On an evening walk with JT (my spouse) and Popcorn (my dog), I ambled along sniffing the air when I suddenly spied something round and orange sitting in the middle of the road. Without my glasses, I couldn’t be sure of what I was seeing, but as I approached, I handed off the leash to JT and scurried forward. I plucked the perfect drupe from the ground, the hardened blossom in four parts, like an elegant hat. The season’s first persimmon. I yelped and skipped, then danced a circle. The dog was confused, but JT wasn’t. I couldn’t even wait to get it home, I popped the softly ripe fruit into my mouth whole and spit seeds all the way home.

The next week, I had enough time for a hike. Enjoying the slant of light through the trees, the clarity it brought to the contrast between leaves and sky, I noticed a dead tree had fallen and taken down one still green. And as I inspected the wreckage, I spotted an unassuming green pod dangling five feet or so above my head.

Imagine a monarch chrysalis, the way it delicately trembles in the breeze, the particular green of it, both camouflage and captivating. And then imagine trying to sketch that chrysalis with your non-dominant hand and then trying to match the color only with a 12-pack of colored pencils. If what you imagine is significantly larger and lumpier, with the green mottled with a little yellow and brown, then you’ve perfectly pictured a pawpaw, perhaps the most delicious fruit native to Missouri.

I’d only ever tasted one before, and had never found one in the wild. And here, a storm had brought one into arm’s reach. I jumped and batted at the fruit for a few minutes (again, bewildering the dog) before I cradled the fruit in my hand, then stowed it in the pocket of my hoodie. With my eye attuned now for the shape of the bark, leaf, and fruit of the pawpaw, I scanned for more. By the end of my hike, I held three more in my pocket and one in my stomach, having been unable to resist a treat on the trail.

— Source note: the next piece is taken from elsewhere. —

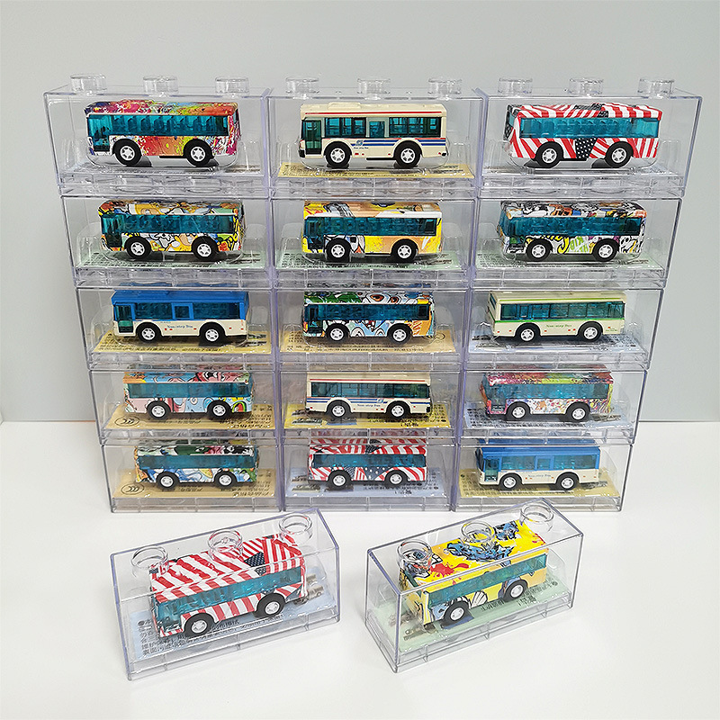 합금 풀 백 자동차 낙서 버스 버스 모델 어린이 장난감 빌딩 블록 상자 유치원 작은 선물 도매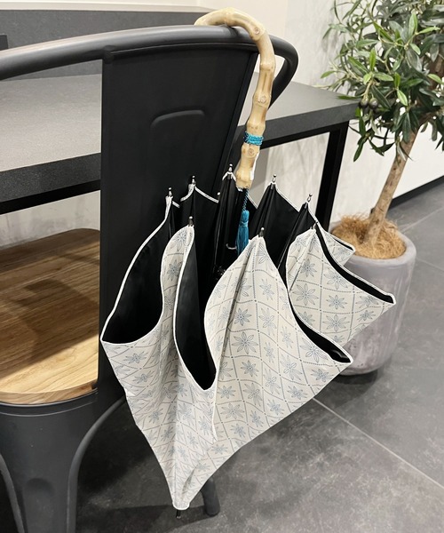 フラワータイル柄のオリジナルデザインの日傘。柄物ですが、落ち着いたカラーでどんなコーディネートの日でも使いやすい〇鮮やかなタッセルと木の持ち手がポイントになっています。見た目にも涼しく、毎日持ちたいこれからの季節に大活躍のアイテムです。

As the next week began, the canopy of my days felt more open, balance returning. And I anticipated my time outdoors even more keenly. It was only this week, as I gathered a glut of persimmons from a neighbor’s lawn, that it occurred to me that the lesson of fall, of my life right now wasn’t one of release at all. But was one of abundance, of cultivating an availability to it. Of orienting myself toward it.

From now to the end of this year, I won’t be undertaking as many projects as I had planned for at the beginning of the month. In a quick chat with a dear friend, we joked about our eyes being too big for our spirits, how projects and the “Yeses” can have us hustling to add more and more to the plate of our days until we become paralyzed by the sheer enormity of stuff to do. “If only there were some kind of warning alarm for that, like a dashboard meter.” I laughed and responded, “I think that’s what the soul is for. It’s the only thing we can’t automate.”

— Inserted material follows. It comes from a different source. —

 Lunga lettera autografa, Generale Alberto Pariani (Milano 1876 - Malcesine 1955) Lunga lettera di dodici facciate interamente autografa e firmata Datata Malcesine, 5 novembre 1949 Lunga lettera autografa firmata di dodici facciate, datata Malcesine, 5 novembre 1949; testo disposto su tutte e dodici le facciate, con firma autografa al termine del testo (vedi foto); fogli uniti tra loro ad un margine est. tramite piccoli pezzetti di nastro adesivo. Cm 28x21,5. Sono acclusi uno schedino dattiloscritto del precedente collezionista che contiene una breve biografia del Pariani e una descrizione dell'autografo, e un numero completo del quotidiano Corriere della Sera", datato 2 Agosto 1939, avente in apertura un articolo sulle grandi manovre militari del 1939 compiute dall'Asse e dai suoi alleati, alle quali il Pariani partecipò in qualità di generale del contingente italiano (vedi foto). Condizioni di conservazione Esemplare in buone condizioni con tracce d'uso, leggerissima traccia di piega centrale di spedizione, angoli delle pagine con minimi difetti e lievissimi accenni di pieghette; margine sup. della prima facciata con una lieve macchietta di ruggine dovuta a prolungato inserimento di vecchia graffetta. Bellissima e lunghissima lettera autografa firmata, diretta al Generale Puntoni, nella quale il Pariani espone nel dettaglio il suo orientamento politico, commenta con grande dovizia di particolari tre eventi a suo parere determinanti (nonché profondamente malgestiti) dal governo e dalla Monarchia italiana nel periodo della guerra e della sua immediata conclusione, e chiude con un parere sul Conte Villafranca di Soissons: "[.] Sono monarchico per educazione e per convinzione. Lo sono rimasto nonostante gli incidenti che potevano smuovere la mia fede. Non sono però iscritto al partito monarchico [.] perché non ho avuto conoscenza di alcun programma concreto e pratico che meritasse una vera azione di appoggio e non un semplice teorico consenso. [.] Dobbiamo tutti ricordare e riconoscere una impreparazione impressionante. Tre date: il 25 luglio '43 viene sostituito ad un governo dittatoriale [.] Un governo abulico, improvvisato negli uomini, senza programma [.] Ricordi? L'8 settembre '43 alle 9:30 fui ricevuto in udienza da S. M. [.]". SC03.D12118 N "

Yesterday, I had enough time to have a long conversation with a friend and to take my daughter to volunteer at the eco farm we love. I still scrambled a bit to get some work done, to tidy up the kitchen, to respond to emails. But at the end of the day, it was the conversation and the time with my kid that made the day feel worthwhile. That made the day feel abundant. If I can add days like that up to make an abundant life, then I think I might be getting things close to right.